I was asked if he ever stopped me seeing my friends, and he doesn't. But he's always made it awkward or difficult for friends to come over when he's here. Or for me to make or receive phone calls when it's the evening or weekend. He just makes me feel uncomfortable, or makes an atmosphere so I don't tend to do it. Just another habit I've got into.

Lala, but he IS stopping you see your friends.

Can you not see that?? What you just described is very wrong and quite disturbing.

Making it difficult for you to do something is the same as stopping you. It's just a more cunning, nasty and covert way of getting you to do exactly as he pleases. Whilst making you feel you were actually the one who instigated it not him: just another habit I've got into

It is very important you stop protecting him in these counselling sessions and just tell things exactly the way they are.

I also don't understand why you're wasting precious time attempting mind games and tests with a man who has successfully screwed with your head for years. You are setting yourself up for more confusion and bamboozling.

Concentrate on getting yourself and your dcs away and into a safe and happy environment instead.

RedMolly · 22/08/2012 08:49

The thing about friends/phonecalls really matters. It is another way of isolating you so that the lifestyle he has inflicted on you doesn't seem that abnormal. I remember way back you saying that you had been at a friends house and was suprised at how their dp played and interacted with their dc. This is what i mean - it shouldn't have been a suprise that men want to play with their children! If you stay with him the same will be true for your children - they won't be able to bring friends home without being afraid of upsetting daddy, or that daddy will say something horrible to their friends. He won't want people around who are not within his sphere of control.

blackcurrants · 22/08/2012 13:10

Now you've said that about him 'getting you into the habit' of not seeing or contacting your family and friends, I understand a lot more about you. I understand a lot more about your inability to believe that, for example, my husband changed all my son's nappies (that he was around for) in the first year of his life, "because you're breastfeeding, love, you're doing so much work" and "because it's our special time together, isn't it, son?" - basically because it's a good thing to do. Not because he's superman, but because he's a nice man.

I understand how things like my H getting up in the night with DS's nightmares last night "I've got this one, pregnant lady, you get your rest" and then sleeping on the floor in his room for the rest of the night when he wouldn't settle - I get now how that seems impossible to you. But it's not impossible, it's entirely usual in this house because we make sacrifices and do things for each other - love isn't a one-sided struggle, Lala, it's a mutually-reinforced-activity.

Sorry if I'm rambling, I just kept remembering you saying on the last thread "surely no one else's H is any different" and "I know all families are like this" while the rest of us shouted "NO!" at our keyboards in horror.

Now I know he's controlling how much you see other people by his moods and his atmospheres and his "I-am-the-centre-of-the-world-and-you-all-dance-to-my-tune"ness, I understand how hard it must be for you to see a way past this, and I understand why you think you deserve a lying selfish negligent alcoholic for a husband.

But do you really think your lovely, lovely babies deserve a lying, selfish, negligent, abusive alcoholic for a father ? We all want the best for our children.

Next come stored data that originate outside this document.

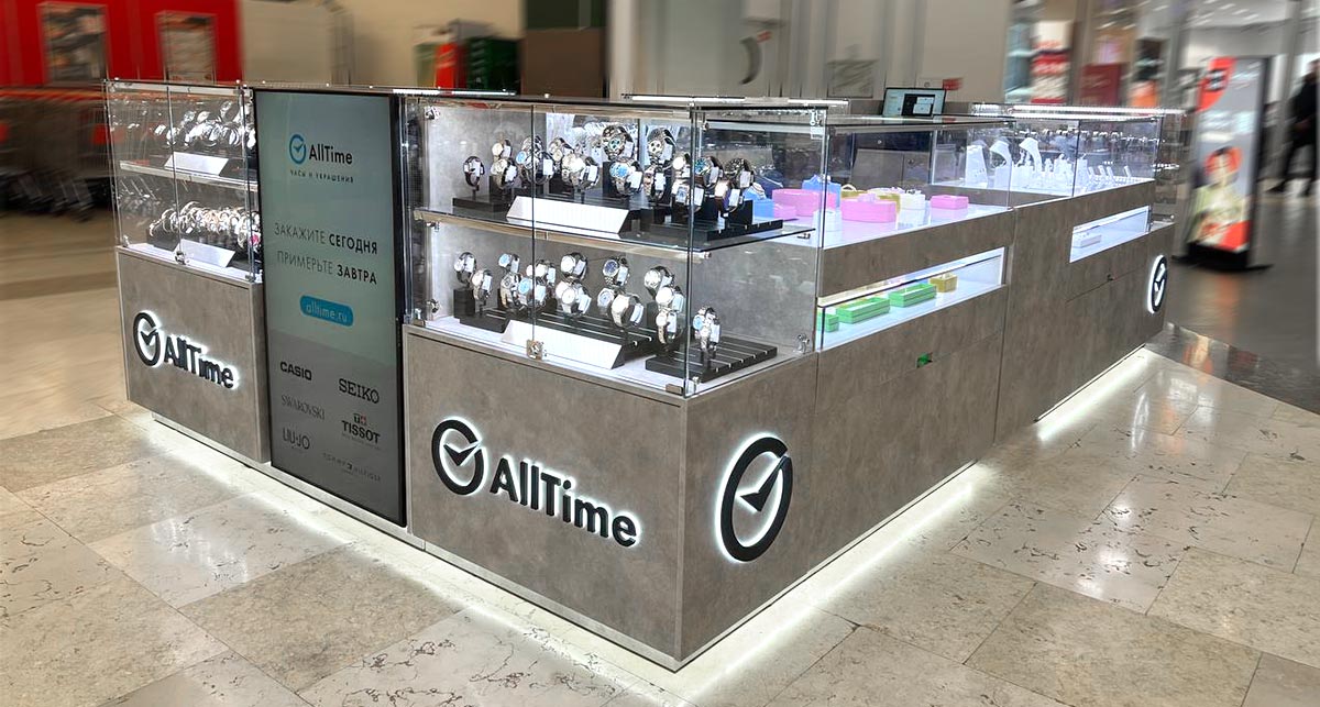 Островной магазин часов и украшений AllTime в ТРЦ Аура, г. Новосибирск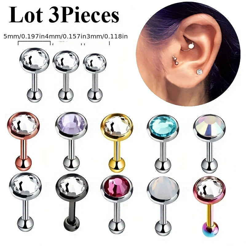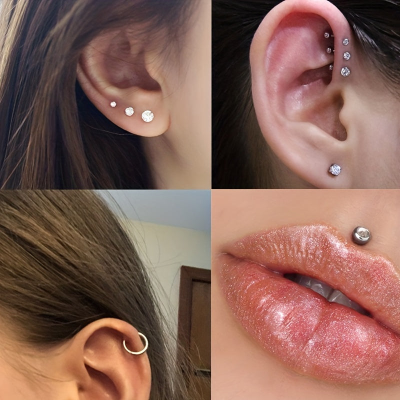 Enhance your style with this set of 3 lip rings featuring stunning zircon inlays. These body piercing jewelry pieces are perfect for expressing your unique personality.
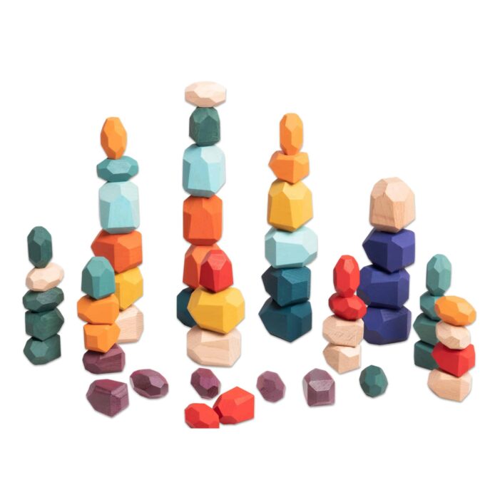Die Holz-Edelsteine sind nicht nur ideal für das Spielen zu Hause, sondern auch hervorragend geeignet für den Einsatz in der Waldorf- und Montessori-Pädagogik. Hier kommen Kindern die polygonalen Formen zugute, um erste physikalische Erkenntnisse zu sammeln und ihre Problemlösungsfähigkeiten zu schulen.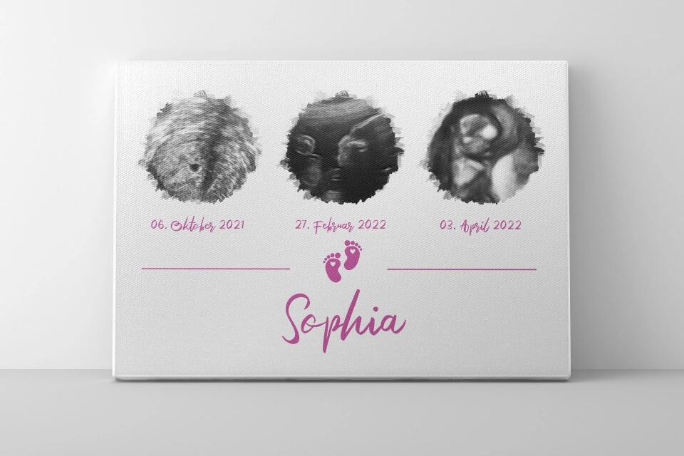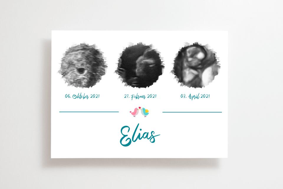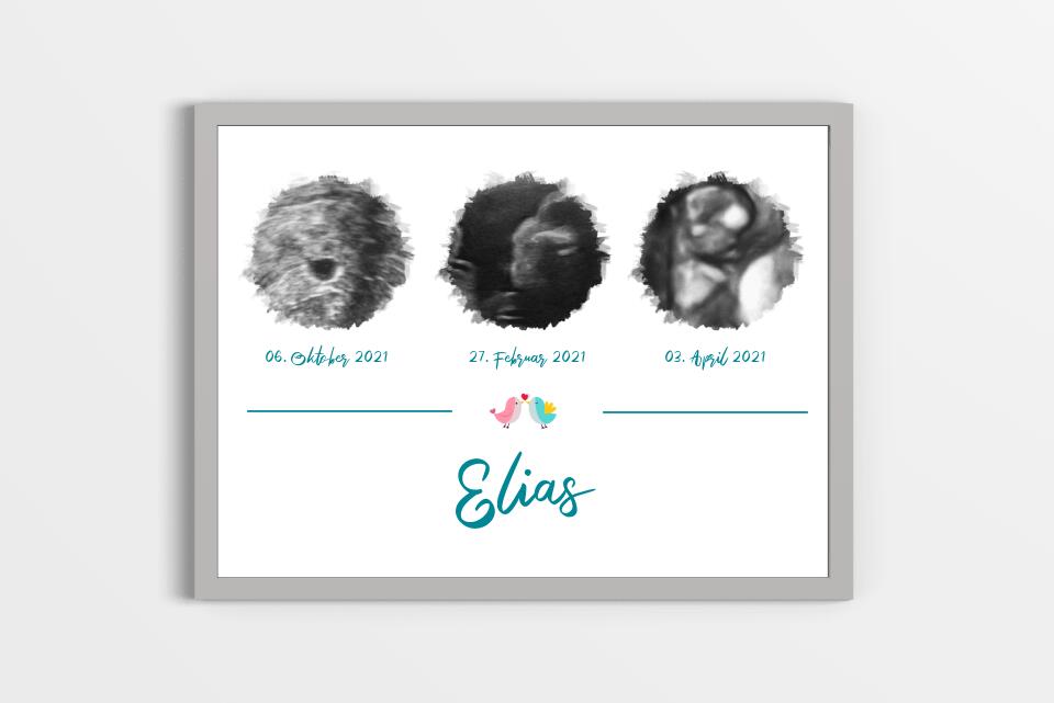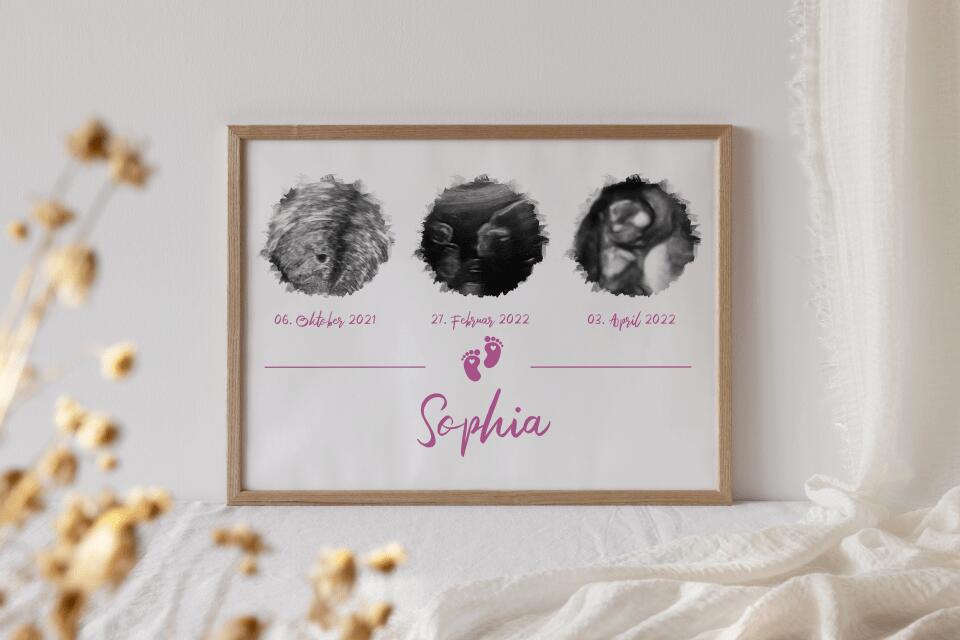 Ultraschallbild personalisiert dreifach für Junge oder Mädchen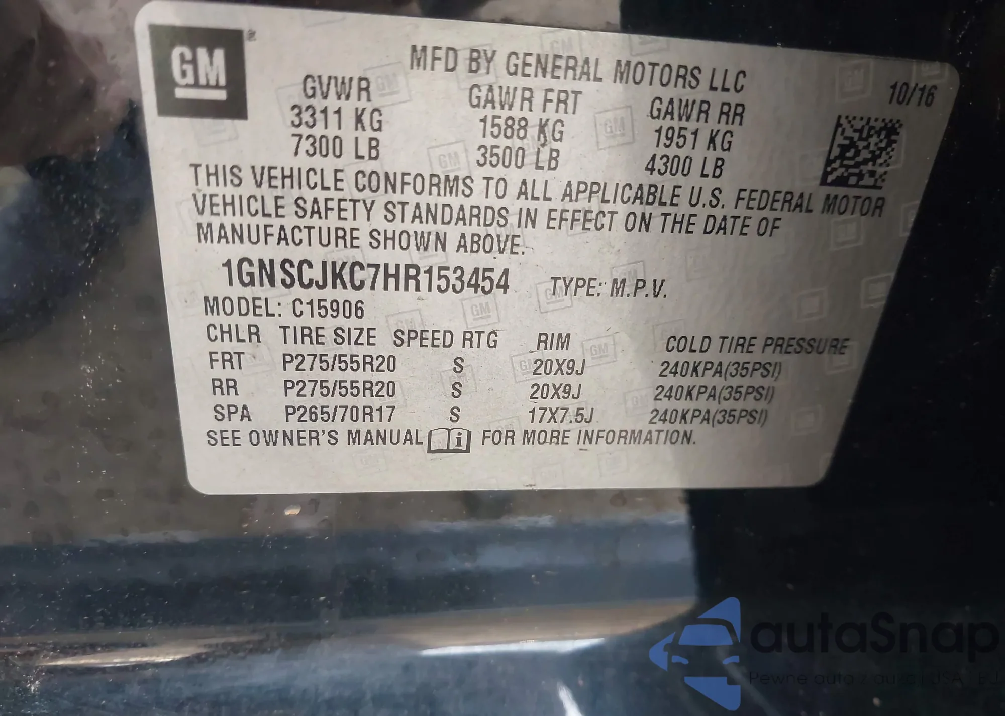 • VIN 1GNSCJKC7HR153454

Do you think they deserve a man like him yelling and throwing things and alternately frightening and ignoring them? Really? Or do you want something better for them?

Because that something better isn't him.

Jux · 22/08/2012 16:09

Please start inviting people in for coffee, then for lunch. Now that you are separated, it shouldn't matter what he thinks, and it will start getting you into a more normal way of relating to more normal people, iyswim.

mathanxiety · 22/08/2012 16:54

Lala, I recommend the book 'Stalking the Soul' by Marie France Hirigoyen. It is about emotional abuse, what it is and what it does to the victim.

It's not really a self help book. What it does is give the big picture of EA, something I think you do not yet see as you are so close to the elephant so to speak.

Les Carter's 'Enough About You, Let's Talk About Me' is another you might like to read, and perhaps 'Narcissistic Lovers' by Cynthia Zayn.

NoWayNoHow · 23/08/2012 19:44

Hey lala

I hope you are okay today? Have you got anything nice planned for the weekend?

I just saw this on another thread and thought I recognised your "D"H in there quite a lot. Just something to think about...

DippyDoohdah · 23/08/2012 22:21

Still here la la x

RedMolly · 24/08/2012 17:10

If you haven't yet told the counsellor about what you now recall wrt phone calls and friends you need to.

Please do this. Also tell the counsellor that you can't celebrate your birthday on your actual birthday because the date upsets him (and why). She may be able to identify other areas where you are being controlled without even realising it. I don't think you can even begin to realise how much control he has over your life until you are not living with him any more.

Hope you are ok.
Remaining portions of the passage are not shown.